Klein Michael Stuart 4
Research Summary
AI-generated summary
INFQ 10% Holder Michael Klein Converts Derivatives to Shares
What Happened
- Michael Stuart Klein (reported as a 10% owner and former CEO/Chairman of CCX) reported conversions and other derivative-related transactions tied to the February 2026 business combination and domestication. The Form 4 shows: conversion/acquisition of 10,650,000 shares, conversion/disposition of 10,350,000 shares (derivative), and acquisition of 75,000 shares (derivative). No cash price is reported for these transactions (price: N/A) — these were conversions/structural changes rather than open-market buys/sells.
Key Details
- Transaction date(s): February 12, 2026. Form filed: February 17, 2026.
- Reported amounts: +10,650,000 shares (conversion/acquired), -10,350,000 shares (conversion/disposed, derivative), +75,000 shares (other acquisition, derivative). No per-share price or dollar total reported (N/A).
- Shares/warrants context: The transactions relate to the merger of Legacy Infleqtion into the issuer and the issuer’s domestication to Delaware; CCX units separated into shares and warrants (300,000 units → 300,000 shares + 75,000 warrants). The 75,000 shares reported relate to warrants that become exercisable 30 days after completion of the mergers.
- Holdings: Reported securities are held directly by the Sponsor; Klein is the controlling stockholder of the Sponsor. The filing disclaims beneficial ownership except to the extent of pecuniary interest. The Form does not state an exact post-transaction total share count for Klein.

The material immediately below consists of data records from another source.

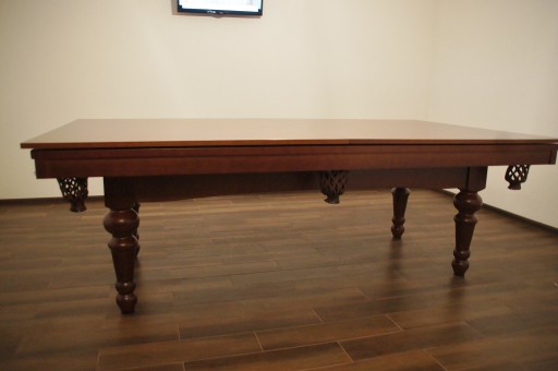 - Дизайн моделей столів, що випускаються нашою компанією, настільки продуманий, що замовник жодним чином не торкається ногами контурів столу. Ми гарантуємо, що в поєднанні з банкетною стільницею він створює ідеальний обідній стіл. Що стосується нижньої конструкції, то вона відставлена під вінець, щоб ми могли вільно сидіти і не торкатися ніжками нижньої дошки. Можливо, ви не бачите цього на доданих фотографіях пропозиції, але це те, що є. Конструкція столу виробляється з 1995 року, тому завдяки нашому досвіду та пропозиціям клієнтів вона була ретельно вдосконалена та розроблена для ідеального поєднання більярдного та обіднього столу.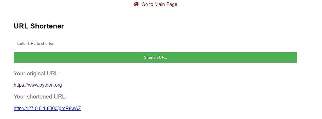 - Users can input long URLs, and the system will generate a unique short URL for each input
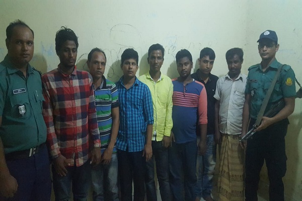 আটককৃতরা হচ্ছেন- শামীমাবাদ এলাকার প্রয়াত রমিজ আলীর ছেলে শের আলী (৪৫), বিশ্বনাথের শিমুলতলা গ্রামের রইছ আলীর ছেলে দেলায়ার হোসেন (২৬), দিরাইয়ে রাজনগর গ্রামের কাশেম আহমদের ছেলে তুহিন আহমদ (২০), শেরপুর জেলার নকলা উপজেলার চর ভাবনা গ্রামের প্রয়াত সাহেব আলীর ছেলে আনছার উদ্দিন (২৯), হবিগঞ্জের চুনারুঘাট উপজেলার বড়দেশ গ্রামের মর্তুজ আলীর ছেলে সবুজ মিয়া (২৬), সিলেট সদরের টুকেরবাজার গ্রামের প্রয়াত আফরোজ আলীর ছেলে ইয়ামিন আহমদ (৩৪) ও জৈন্তাপুর উপজেলার বীরখাই গ্রামের প্রয়াত শহর উল্লাহর ছেলে কামরুল হাসান (২৮)।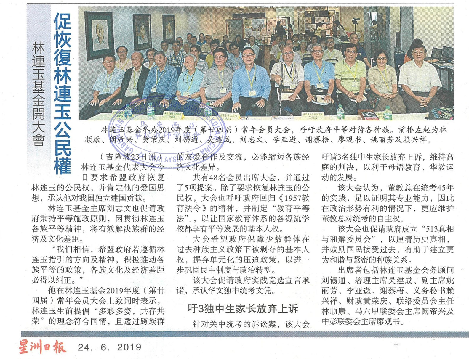 林连玉基金开大会 促恢复林连玉公民权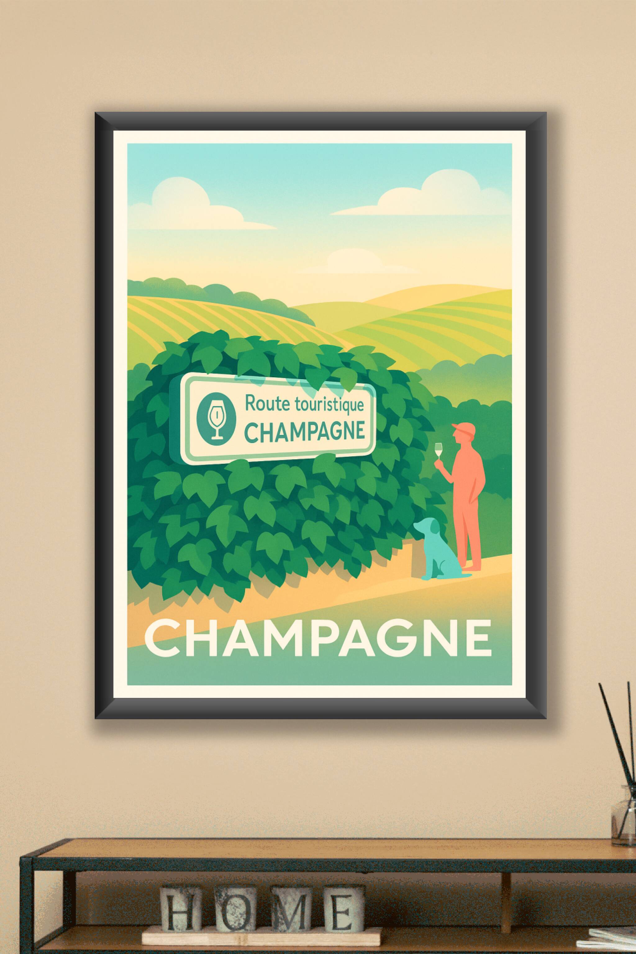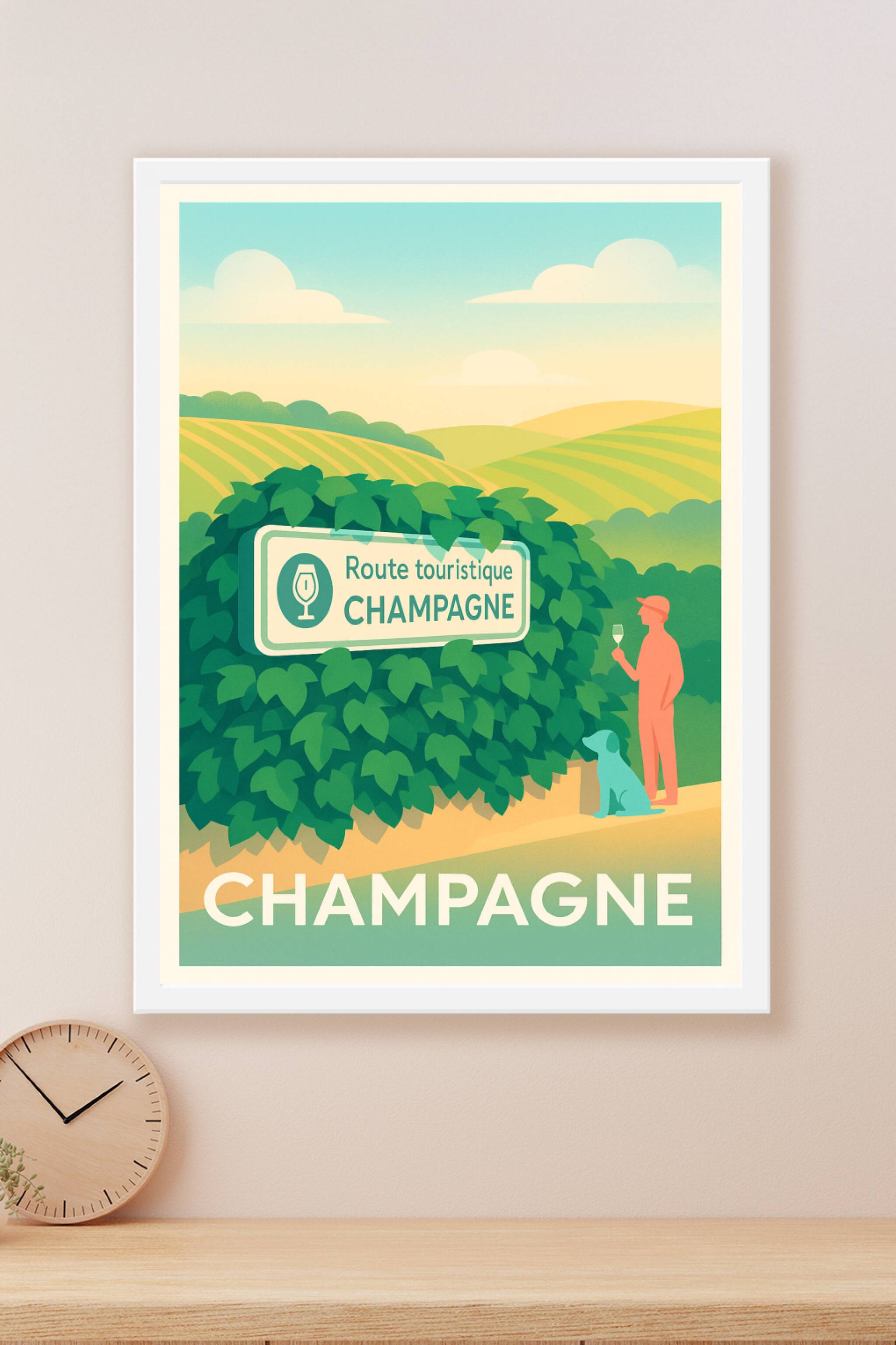 Découvrez la douceur de vivre et la beauté des paysages champenois avec cette affiche illustrée aux couleurs douces et apaisantes. Ce poster met en lumière la célèbre route touristique de Champagne, invitant à la dégustation et à la découverte de ses vignobles emblématiques. Imprimée en tirage "Fine Art" sur papier 305g coton, cette affiche offre une qualité d'impression exceptionnelle, parfaite pour sublimer votre intérieur. Disponible en formats A1 à A4, avec ou sans cadre, ce poster apportera une touche raffinée à votre déco ou fera un cadeau idéal pour les amateurs de la région Champagne.
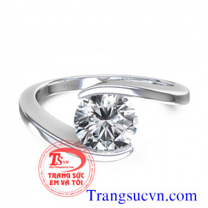 Nhẫn nữ kim cương đính hôn Nhẫn đính hôn vàng trắng gắn đá kim cương
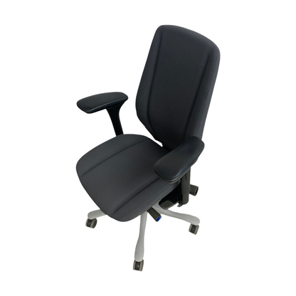 Kinnarps 9000 kontorstol med justerbare armlener, rygg og sete. Medfølger bruksanvisning. Trekk i grått.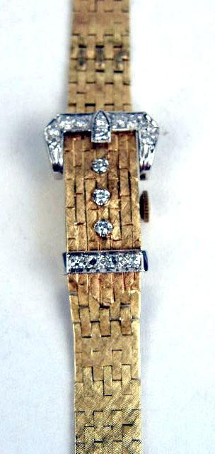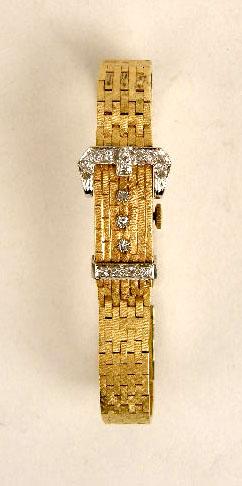 A 14K YELLOW GOLD AND DIAMOND WRISTWATCH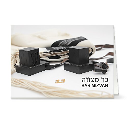 Bar Mitzvah Tefillin phylacteries and Tallit prayer shawl Congratulations Greeting Card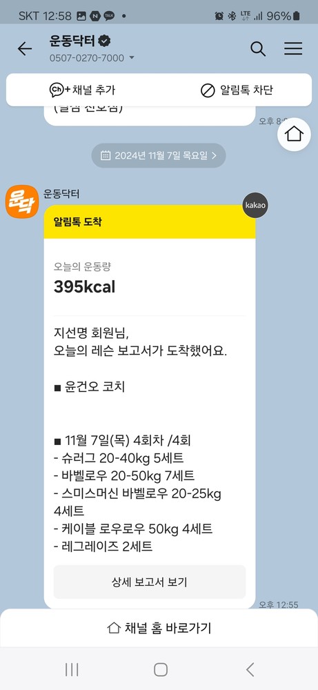 다이어트나 바프가 아니더라도 매 식단과 체중변화를 체크해주시면서 부족하거나 보완해야할 부분 피드백 주시고, 그날 진행한 운동에 대해 디테일한 보고서까지 보내주시는 섬세한 쌤 !ㅎㅎ 🫶🏻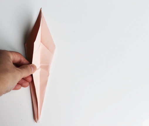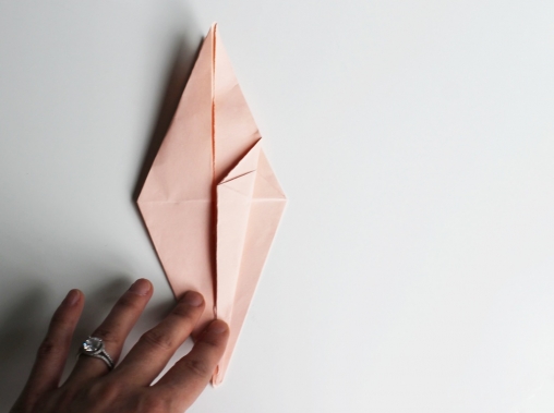 21. Then take the pointy leg at the bottom and fold it upwards and in on itself towards the folds you have just created.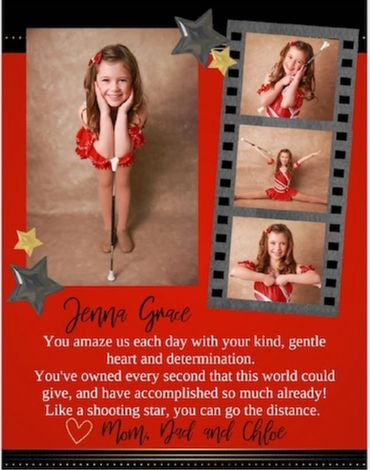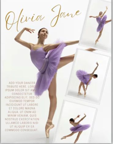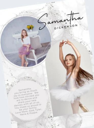 Let us know which size ad you’d like. We’ll take your personalized note and photos of your dancer to design a custom ad and send you a proof to review. Ads will go in our year-end performance programs. There are several layouts to choose from.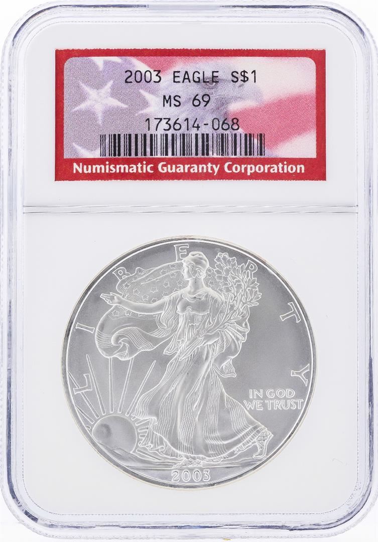 One 2003 $1 American Silver Eagle Coin NGC Graded MS69. NGC Certified.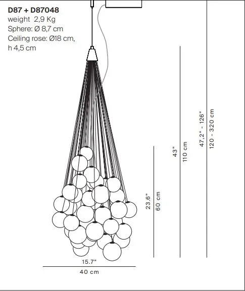Система Stochastic , состоящая из стеклянных сфер, расположенных на разной высоте, позволяет создавать бесконечные комбинации, обладая своего рода контролируемой свободой: каждая сфера соединена с небольшими стальными стержнями разной длины, которые можно прикрепить к конструкции в соответствии с вашими собственными творческими порывами. Источник света – двойной высокоэффективный светодиодный модуль - заключен в сферы, генерирующие теплый непрямой свет, направленный вверх и вниз.
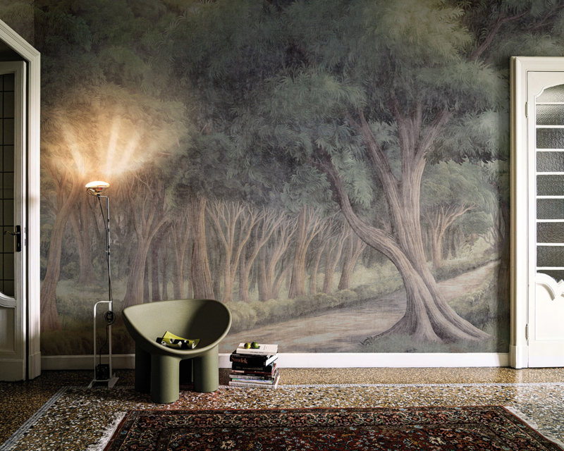 Beautiful exclusive wallpaper panoramic LE PARC ELEGANT BNV18 designed by Nicola Bottegal for Londonart Italy. Collection Tale Books: Bon Voyage Cap.2. Available in 4 colors.

- Timeliness: Transactions dated Feb 12; Form filed Feb 17. Form 4s are generally due within two business days of the transaction, so this filing appears later than the typical two-business-day window.
Context
- These entries are derivative conversions tied to a corporate transaction (merger and domestication), not open-market purchases or sales based on market timing. For retail investors, that means the movements reflect corporate restructuring and unit/warrant conversions rather than an insider buying or selling shares for investment reasons. The warrants referenced will only be exercisable after the stated post-merger waiting period.